The Kingdom have beaten Limerick (2-23 to 0-6) and Tipperary (1-23 to 0-5) in recent weeks, with some familiar faces leading the way. Eleven players who started the Munster final win against Cork have been handed game-time already, including David Clifford, Sean O’Shea, Paul Geaney, Stephen O’Brien and six of the back seven. Ricken’s new-look Cork haven’t the same strength in depth, with Brian Hurley, Daniel Dineen, Sean Powter, Cian Kiely, Sean Meehan, Kevin O’Donovan and Micheál Aodh Martin the only players who started against Kerry last July to get minutes under their belt in the McGrath Cup. Factor in, too, that Cork are without their St Finbarr’s contingent and that they are without a few regular faces from recent seasons – some of whom, it seems, will not be involved this season – and Ricken’s ‘appreciation of time and patience’ becomes more pertinent. Cork team news here
The new manager is putting in place a structure, he feels, will take Cork football forward. That takes time. So too will Ricken’s squad rebuild and that can be seen by the large number of senior debuts handed out in the last two games. Castlehaven’s Rory Maguire and Jack Cahalane, Clonakilty’s Joe Grimes, Dohenys’ Fionn Herlihy and Castletownbere’s Fintan Finner are some of the West Cork men who have made their senior debuts this month. It’s all about building a panel ahead of the Division 2 campaign, which starts the following weekend away to Roscommon, and that will set the tone for the summer, not this weekend’s McGrath Cup final.
Saturday’s derby is a chance for Cork’s newcomers to test themselves against genuine All-Ireland contenders who are much further along their development than Cork are right now. But it’s a chance, too, to strike another blow for Cork football and give the neighbours something to think about. Skibbereen Community School and Hamilton High School Bandon both beat Kerry schools in the Corn Uí Mhuirí last weekend.

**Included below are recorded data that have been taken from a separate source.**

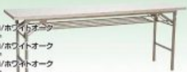
会議テーブル450/ホワイトオーク W1800×D450×H700mm 会議テーブル600/ホワイトオーク W1800×D600×H700mm 会議テーブル900/ホワイトオーク W1800×D900×H700mm 会議テーブル450×1200/ホワイトオーク W1200×D450×H700mm 会議テーブル450×1500/ホワイトオーク W1500×D450×H700mm
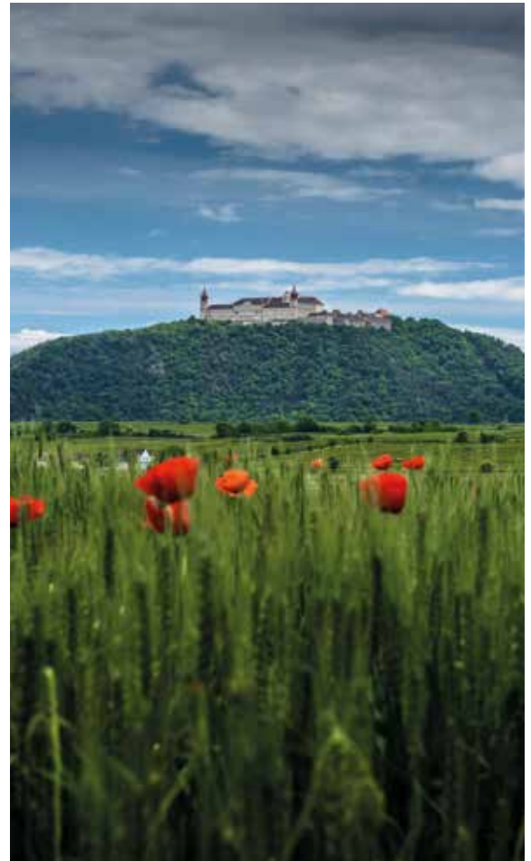
Wie eine sakrale Burg wacht das Stift Göttweig südlich von Krems über den Osteingang der Wachau
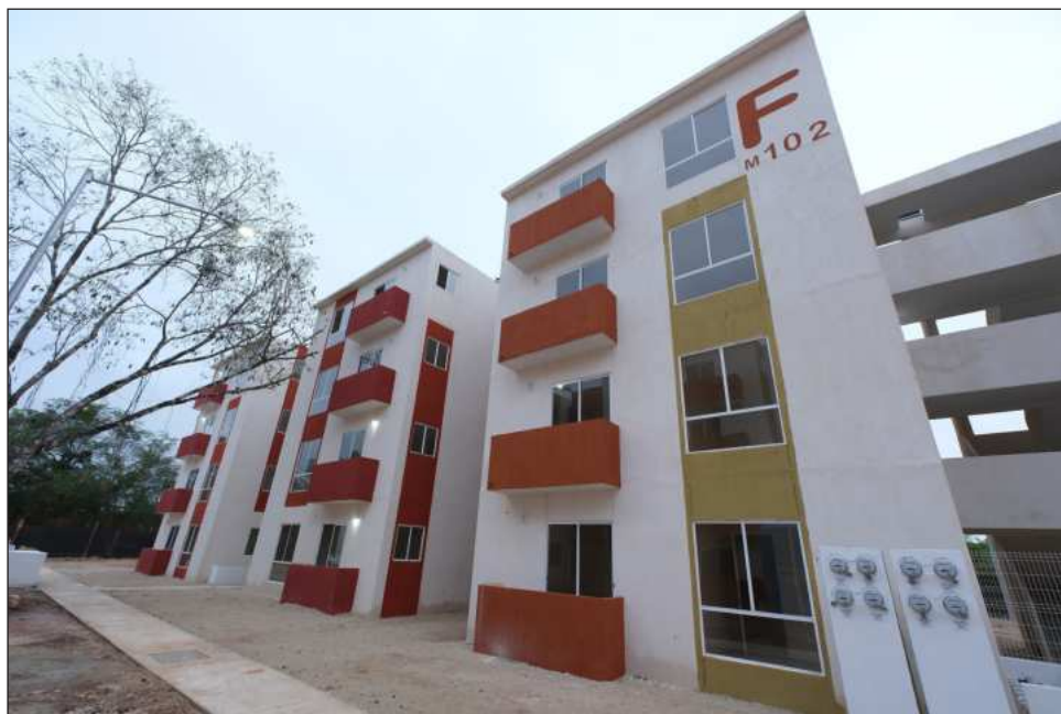
▲ En enlace con la presidenta Sheinbaum, se detalló que las viviendas cuentan con todos los servicios básicos y están cerca de escuelas y centros de salud.

El enlace se realizó un día antes de la visita de la presidenta de México a Cancún, donde inaugurará la 89 Convención Bancaria y se reunirá con el presidente alemán. La mandataria pernoctará en este polo turístico y el viernes 20 encabezará la conferencia mañanera desde ahí mismo; posteriormente visitará la obra del puente Nichupté y viajará a Felipe Carrillo Puerto. Allí se dará por primera vez un certificado de turismo comunitario.
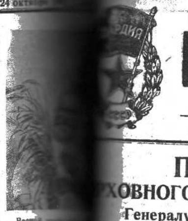
Весьма интересный материал из Восточной Украины. 4-х фотоработы. Свои снимки сдерживать помогало высокое положение на высоте Гомель.
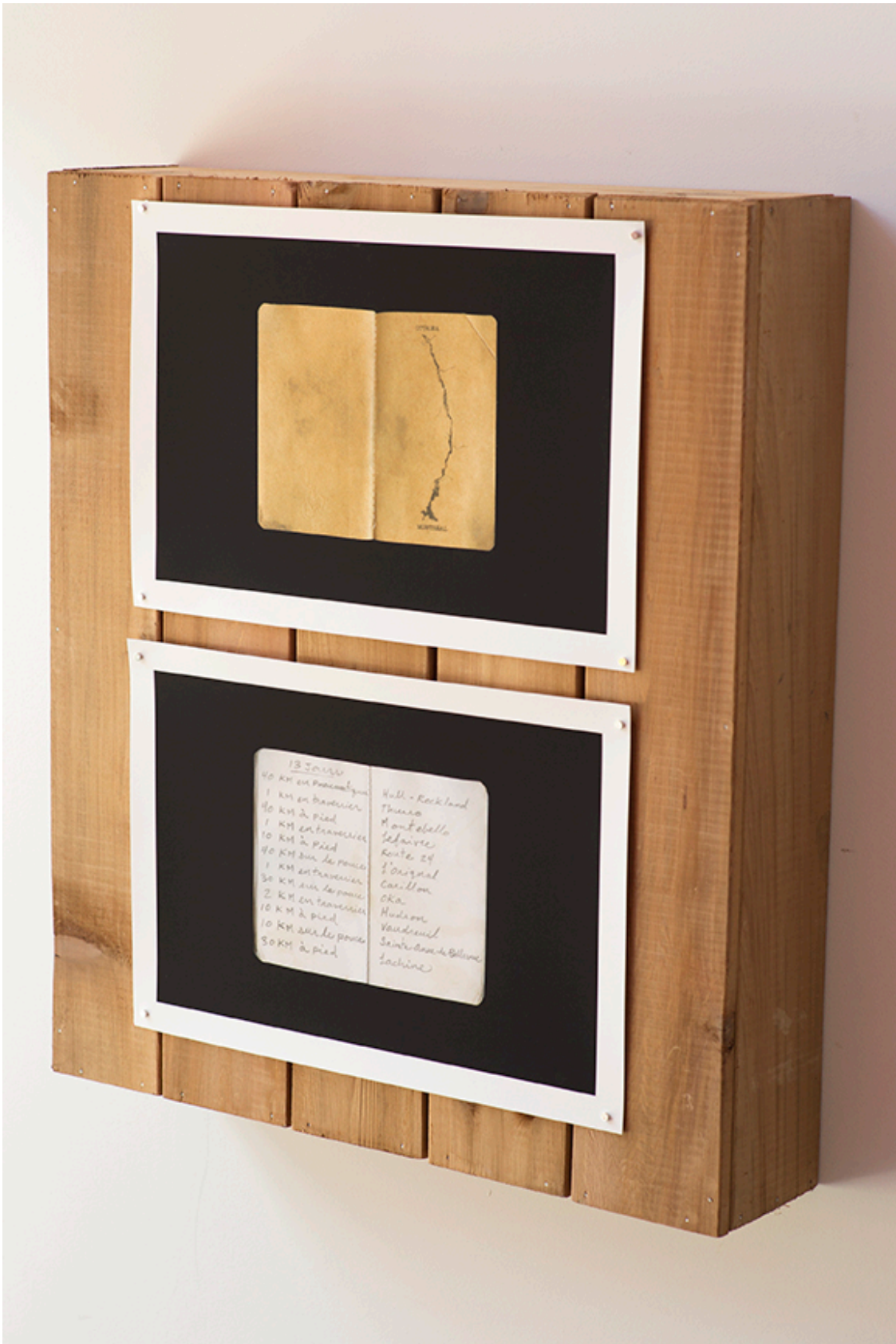
DE ROUTE ET DE RIVIÈRE, détail de l'installation, DAÏMÔN, Gatineau, 2016.
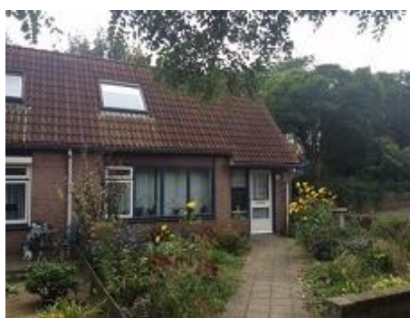
Sumatraplein 14 t/m 20
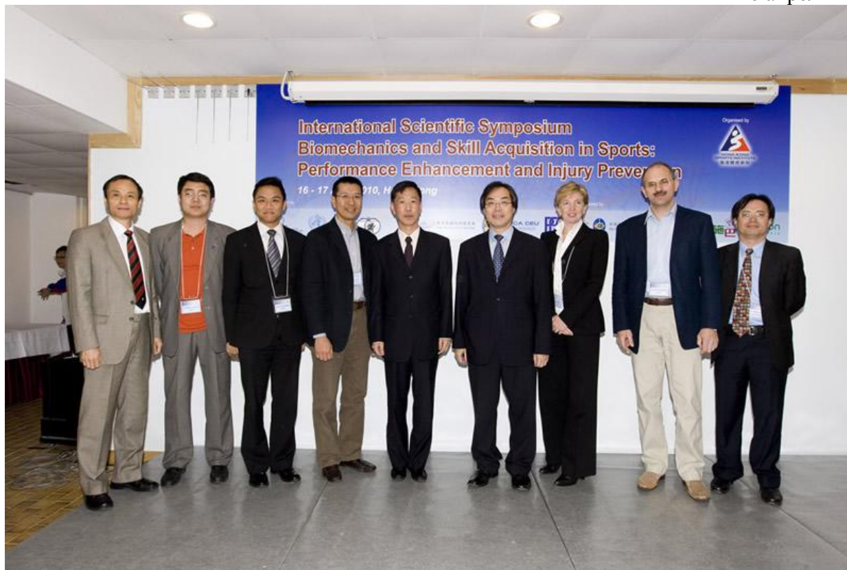
Участники Международного симпозиума в Гонконге по биомеханики и обучению навыкам в спорте.
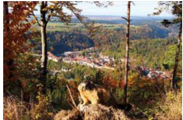
Seltene Gäste im Spätsommer
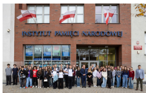
Inauguracja projektu „Łączka i inne miejsca poszukiwań” w Gdańsku – 30 października 2024.
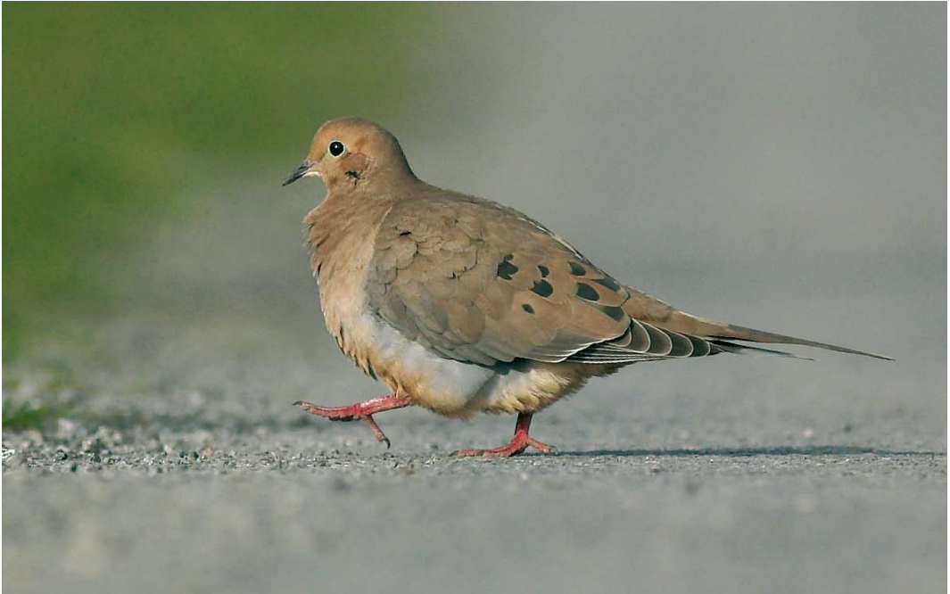
553 American Mourning Dove / Treurduif Zenaida macroura , Inishboffin, Galway, Ireland, 6 November 2007 (Tom McGeehan)
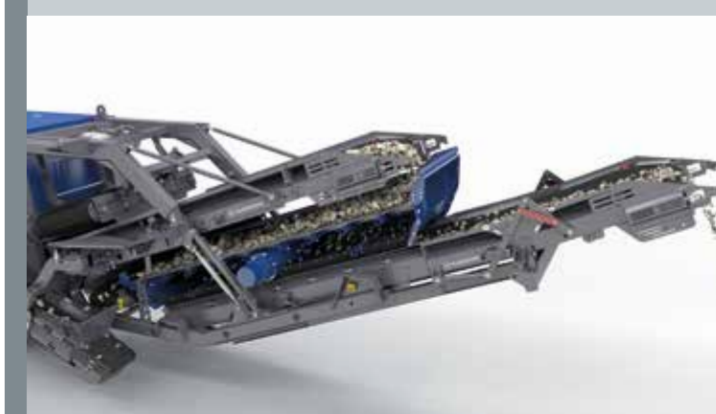
Vaglio vibrante con elevata superficie di vagliatura
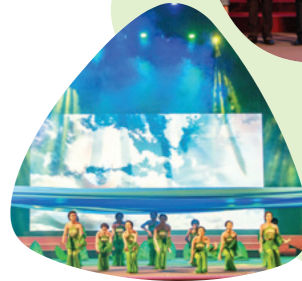
Vươn mắt (Múa - Vietcombank Quảng Trị)
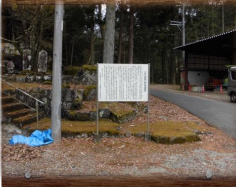
⑧大右衛門新道 (8区稻荷集会場南側)
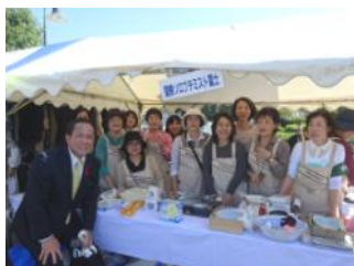
「富士市福祉まつり」において毎年バザーを開催する女性グループ。多くの市民が支える。
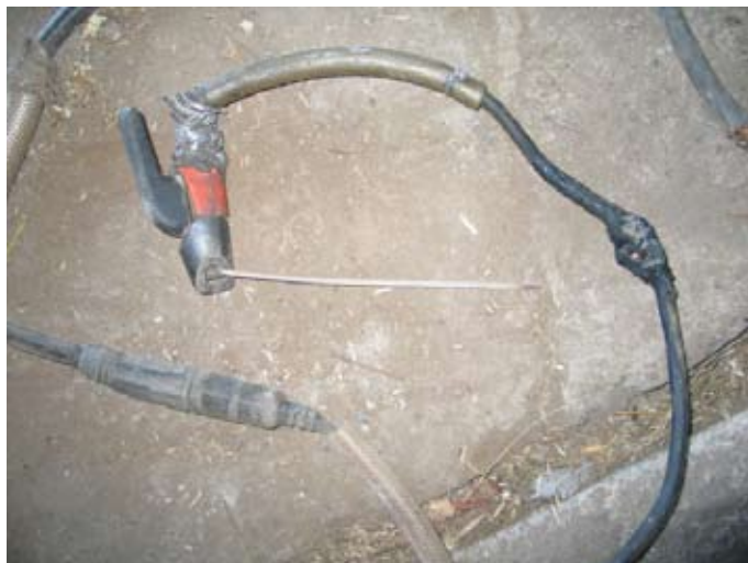
Kuva 3 NN:n käyttämät hitsausvälineet.

The Barrs beat Austin Stacks in the Munster club senior football final. Huge wins for the three Cork teams, but also highlighting that Kerry’s football empire isn’t as dominant over Cork as is perceived. There are chinks of light starting to shine through. The minor and U20 footballers have shown this in recent seasons as well. Under Ricken’s watch, the hope is that Cork seniors can close the gap, too.
‘Yes, we want to look at the style of football we are playing. I would like to see it a bit faster. I would like to see more movement. I would like to see more tackling. But that will dovetail into the current championships that we have, and that will take time as well. It will all dovetail together. So when we leave, whenever that is, we will be in a better position, and we will have contributed, and there will be positivity, structure, pride, and style about all we did,’ Ricken said. The mood music is different alright. But this is January and the Munster SFC semi-final between the two counties later in the summer will be much more telling than Saturday’s work-out in Killarney. Cork will also look a lot different later in the year. The pressure is on Jack O’Connor to deliver this season, and that will allow Cork to sail under the radar and go about their rebuild. Block by block.
The McGrath Cup final between Cork and Kerry will be streamed live via www.munster.gaa.ie. There will be a result on the day, and penalties if required after normal time.